Le gypaète Guillaume avec sa balise GPS sur le dos. / © Célestin Luisier

GPS coupé

Équipée d’un émetteur GPS, Guillaume est suivie en direct. Elle retourne sur le territoire qu’elle occupe depuis 2003 autour de Derborence (VS) dans les Alpes bernoises, tout en se déplaçant jusqu’à la vallée du Rhône. Mais en janvier 2025, la femelle, qui a élevé sept oisillons depuis 2007 en trio avec Pablo (mâle) et Gildo (femelle) - un cas de figure pas rare chez les gypaètes - perd son émetteur.

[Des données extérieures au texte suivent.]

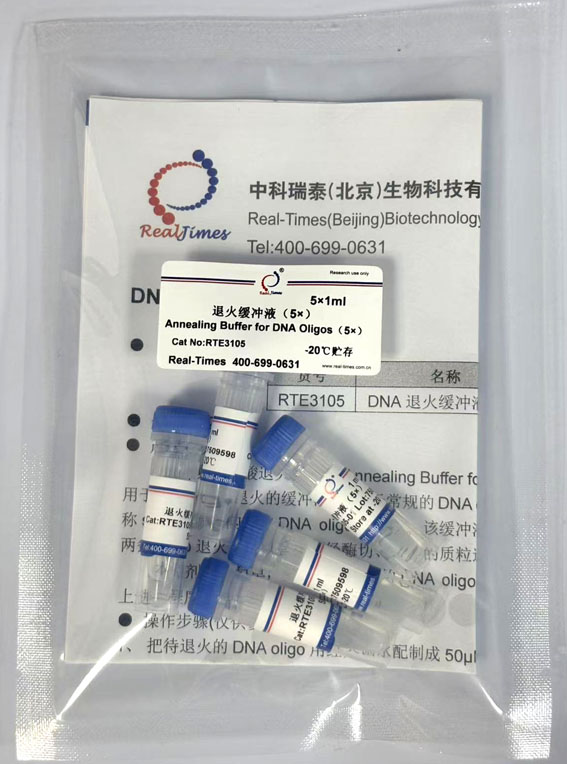 DNA寡核苷酸退火緩沖液(Annealing Buffer for DNA Oligos)簡稱為DNA退火緩沖液,是一種可用于DNA oligo退火的緩沖液,可用于常規(guī)的DNA oligo的退火,尤其適合于較難退火的用于RNAi (也稱siRNA)質(zhì)粒構(gòu)建的DNA oligo的退火。該緩沖液能有效避免DNA oligo自身形成發(fā)夾結(jié)構(gòu),并且兩條oligo退火后可以直接和經(jīng)酶切、純化的質(zhì)粒連接,轉(zhuǎn)化后可以得到大量的陽性克隆。

“J’ai dû aller chercher le GPS qui était tout au fond de la vallée, raconte Célestin Luisier, le correspondant régional en Valais de la fondation Pro Gypaète. Après, on a essayé de la retrouver avec les photos que les gens nous envoient. Mais on a pas réussi à remettre la main dessus malgré le scan de centaines de photos de gypaètes adultes faites dans régions. Mais une observation visuelle de trois individus ensemble qui a été faite à Derborence pourrait très bien correspondre au trio au complet”, poursuit Célestin Luisier.

La difficulté est que la route qui mène au site d’observation privilégié du territoire de Guillaume est fermée jusqu’au mois de juin à cause de la neige. Pendant tout le printemps, il était donc difficile de prendre de ses nouvelles. “Mais, on est sûr qu’elle était toujours vivante après avoir perdu le GPS. C’est aussi un gypaète très discret qui, contrairement à d’autres, ne s’approche pas des gens pour dire “bonjour”, juge Célestin Luisier.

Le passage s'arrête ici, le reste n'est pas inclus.